--- Provided data Enclosed Below ---
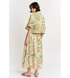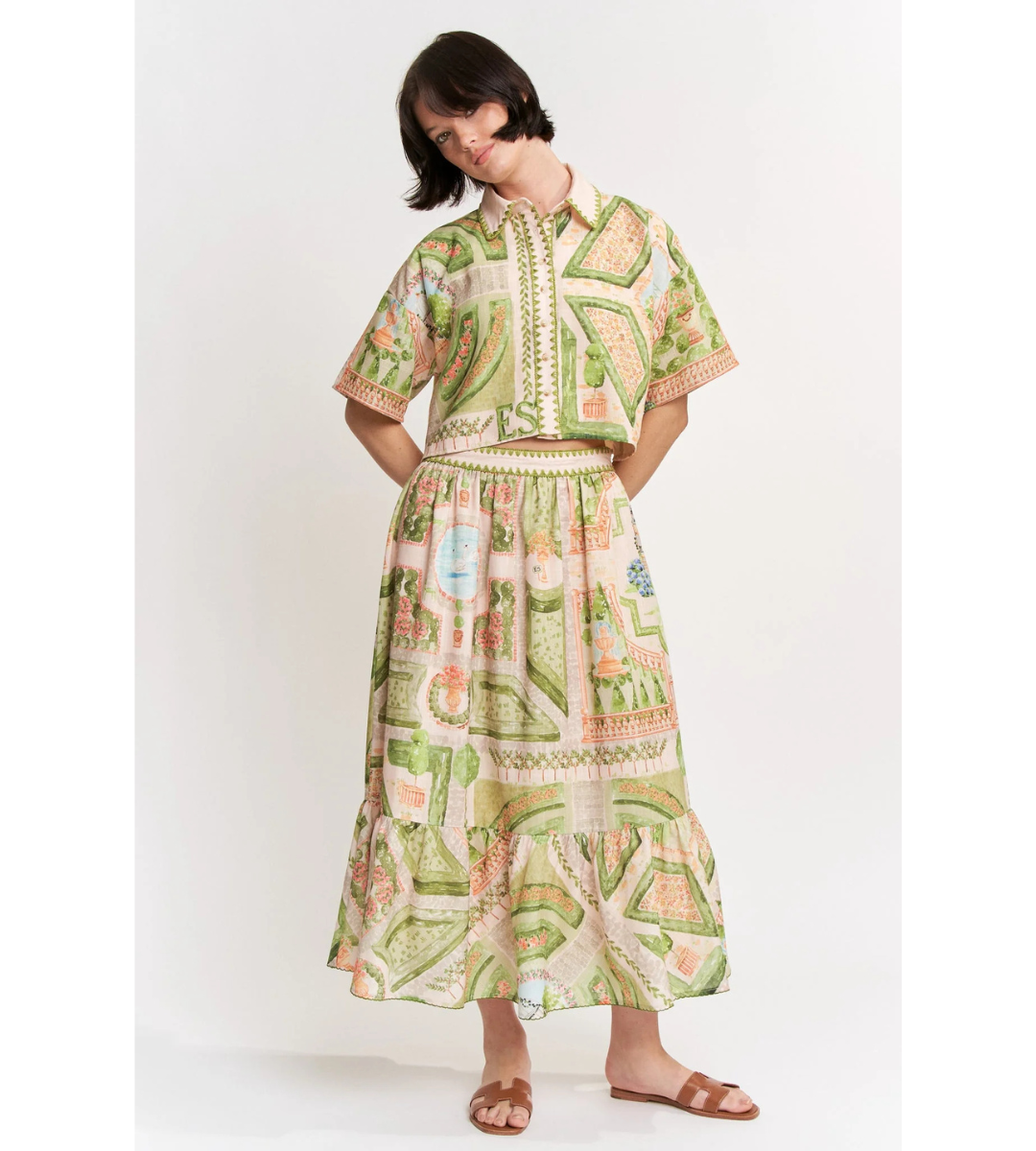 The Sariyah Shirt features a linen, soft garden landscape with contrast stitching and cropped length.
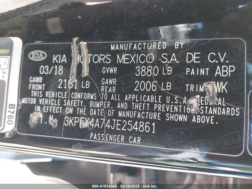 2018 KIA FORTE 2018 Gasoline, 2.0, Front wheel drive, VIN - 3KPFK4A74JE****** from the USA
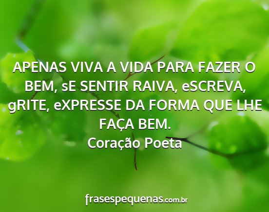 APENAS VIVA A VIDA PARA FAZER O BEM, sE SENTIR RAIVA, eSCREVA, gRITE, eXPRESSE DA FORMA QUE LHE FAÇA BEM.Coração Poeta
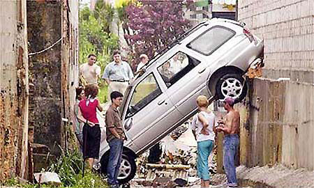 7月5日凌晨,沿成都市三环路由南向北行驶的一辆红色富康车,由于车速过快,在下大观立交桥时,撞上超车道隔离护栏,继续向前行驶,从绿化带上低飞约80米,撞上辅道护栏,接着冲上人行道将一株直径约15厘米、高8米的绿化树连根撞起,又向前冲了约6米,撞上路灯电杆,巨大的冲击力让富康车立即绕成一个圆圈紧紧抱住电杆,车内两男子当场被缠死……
--- End of Enclosed Provided data ---
The lines running from the beginning of the listing above through the line that holds "2018 KIA FORTE" are to be duplicated exactly, both ends kept, pictures omitted.

_Written response:_
 The Sariyah Shirt features a linen, soft garden landscape with contrast stitching and cropped length.
 2018 KIA FORTE 2018 Gasoline, 2.0, Front wheel drive, VIN - 3KPFK4A74JE****** from the USA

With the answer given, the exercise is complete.